/
Appendix G. Agent

Appendix G. Agent

 

 

An agent is the internal MCCS program used to manage the resource.
MCCS uses an agent to command or monitor the resource. Depending on the resource type, an agent performs a proper function for each resource.
For instance, making a shared disk go online is to mount and unlock a disk, and allow write access.
But making a process go online is to run the program in the designated path.

 

 

Table Of Contents

 

 

Agent State Change

Agent State

Agent state can be checked from agent state value from resource state view of detailed information panel.

Agent State

State Description

Detached

It is in disabled state where agent thread hasn't started yet, therefore resource is not monitored yet.
In this case, Enabled value is false in the resource attribute.

Opening

It is preparing to monitor where resource is enabled. 
Enabled value has been changed to true in the resource attribute.

Probing

It is probing and verifying stage where the resource is ready to be used.

Online

Resource is in Online state and is being monitored.

Offline

Resource is in Offline state and is being monitored.
When resource is taken offline for failure, agent considers its state as Offline.

GoingOffline

Agent is taking offline a resource which it is online state.

GoingOfflineWait

It is a state command which agent takes online a resource was completed and resource is ready to offline state.

GoingOnline

Agent is bringing online a resource which it is offline state.

GoingOnlineWait

It is a state command which agent brings online a resource is completed and resource is ready to online.

Agent State Change

When a resource has been enabled, an agent will start monitor a resource after probing. 
After determining the state based on the results of the monitoring, agent gets the command and its state will be changed. 
Below is the flow of the change of agent state. 
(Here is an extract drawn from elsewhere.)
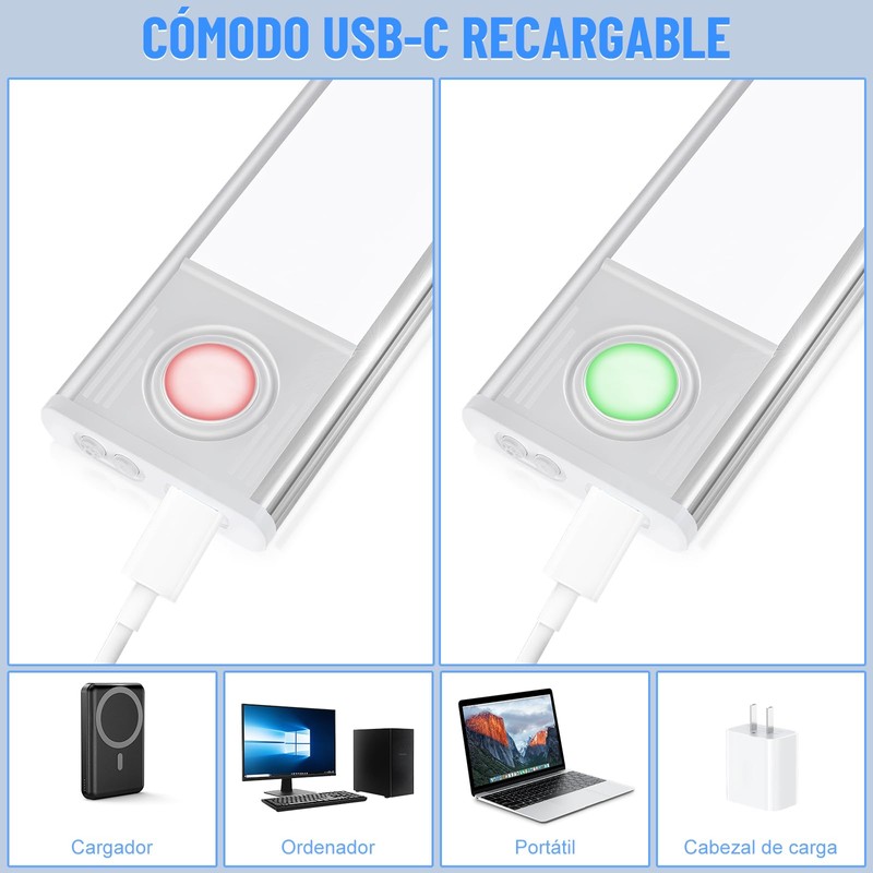 - [USB-C Recargable]Luz con sensor de movimiento tiene una batería incorporada de gran capacidad, bajo consumo de energía y está equipado con un cable de carga USB-C. Puede cargarlo en su computadora portátil o conectarlo a un cargador, lo que lo hace más cómodo de usar.

[Figure] Cycle of Agent State

  1. When a resource is first added, it will be 'Disabled' state and its corresponding agent will be 'Detached' state.
  2. When a resource is 'Enabled', an agent starts monitoring this after process of ‘Opening’ and ‘Probing’.
  3. If a resource in online state is taken offline, an agent becomes 'GoingOffine' and when the command is done, it becomes 'GoingOfflineWait'.
  4. If monitoring result is Offline, agent state is Offline.
    If monitoring result is still Online, it repeats monitoring according to the set number interval it becomes Offline.
    If the time of offline command has exceeded the time value defined in 'OfflineTimeout' attribute, offline process will be canceled and a resource state will go back to online state.
  5. If a resource in offline state has been brought online, agent becomes ‘GoingOnline.’
  6. After 'Online' command is done and becomes 'GoingOnlineWait' monitoring begins and will repeat the monitoring according to value of 'OnlineWaitLimit' attribute in value of 'OfflineMonitorInterval' attributes until it comes online.
    If the monitoring result is that a resource in online state, agent is also online state, and if it does not become online in value of  'OnlineWaitLimit', it is considered as a failure. An agent state will be changed and cycled as above figure according to result of a resource state. But if a resource state is changed by external reasons not by operation through MCCS, this cycle wasn’t applied.
  7. If a resource state changes straight from Online to Offline without operation by MCCS, it is considered as a failure or abnormal state.
    MCCS goes through a change of sending a command and while monitoring, agent state changes as well according to the state. It will go through a state change of 'Going~' and this only applies to MCCS.
  8. For an example, if an online application is terminated due to an external error, it is considered as a failure.
    Also, in case that a resource is brought online on a standby node by force even though a group including this resource has been online on a active node in failover mode group, MCCS considers that this is abnormal state and take offline the resource on a standby node.
  9. If there is no change in the state as shown in the diagram above, it is considered as a failure or abnormal state.